Fast forward ten years or so into the year 2009. After a few years spent aspiring for a life of commercial aviation, my passion for weather had returned in force. I had spent the previous year observing high-impact weather events from an online perspective. By using online sources I was able to gradually self-teach myself the basics about severe weather. I first attended a Skywarn training class in the early spring of 2008, which is noteworthy because it is before I even considered going on a storm chase.
My first storm chase was on November 10, 2008, just south and eventually west of Fort Worth, Texas. My equipment included my father as the driver and an AM/FM radio in an old minivan. I ended up seeing a brief glimpse of a high-precipitation supercell but wasn’t in a good position to see more than a beaver tail.
With continued study and guidance from others, I continued chasing in the spring of 2009, including on February 10, 2009. That day marked my first ‘real’ chase involving a risk for significant tornadoes and not just the hailers I had been chasing previously. I ended up watching a shower rapidly evolve into a gorgeous supercell from Bellevue north to Ringgold, Texas, in a matter of thirty minutes. I caught a glimpse of my first tornado as the storm was moving northeast across the Red River. Sadly this storm would go on to produce a violent tornado in Lone Grove, Oklahoma, that killed eight and seriously injured fourteen. That day is etched into my memory even to this day and marked the true beginning of my storm chasing career.

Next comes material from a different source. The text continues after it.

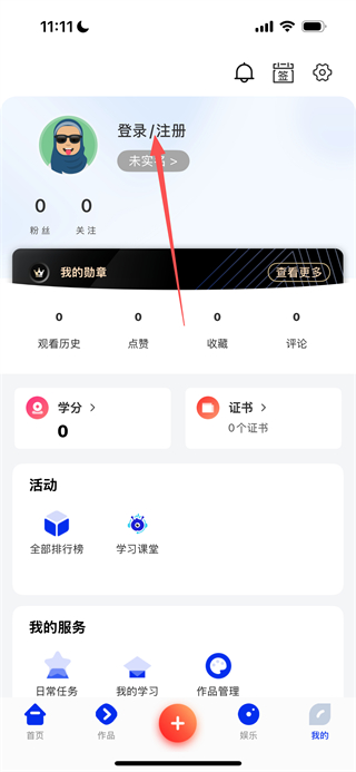 2、在个人中心页面,点击登录注册区域,可进入登录页面。

In late March 2009 I co-founded what is known today as Texas Storm Chasers. My personal goal was to get practice building basic websites with my old copy of Microsoft FrontPage. Personally, I would have been pleased had 100 folks visited the website I had built. Compared to today’s websites, the old websites I had developed were basic and generally just built for me to pass the time. A Texas Storm Chasers Facebook page and Twitter account were also registered in the event we decided to move into the realm of social media. Little did I know how much that decision would impact my life.
Fast forward into the late summer of 2011, which seemed like it was never going to end. The TSC Facebook page had grown to just over 16,000 followers, with our Twitter account also quite active. Everything changed on September 4, 2011, not only for me but for many others Texans. A perfect storm with a catastrophic drought and strong winds caused dozens of disastrous wildfires to break out across Texas. It became apparent to me personally by the mid-afternoon hours that a high-impact disaster was underway. A simple Facebook status originally would end up causing the TSC Facebook page to become an information hub for evacuation information, shelter locations for animals, and new wildfires. Our Facebook page grew from 16,500 to near 76,000 followers in two days. It was in the following days that I realized we had an opportunity to transform into an organization focused on communicating weather information.
The evolving world of social media and mobile technology has vastly changed the way we share information even compared to 2011. More and more individuals rely on digital media for weather information both in the near and long term. With nearly everyone having a smartphone camera, we have a unique ability to confirm weather conditions on the ground nearly instantly. That is especially true during winter weather events, flooding, and severe weather. My personal goal is to continue evolving Texas Storm Chasers into the digital age. Social networks come and go but the need for accurate weather information will always be in demand.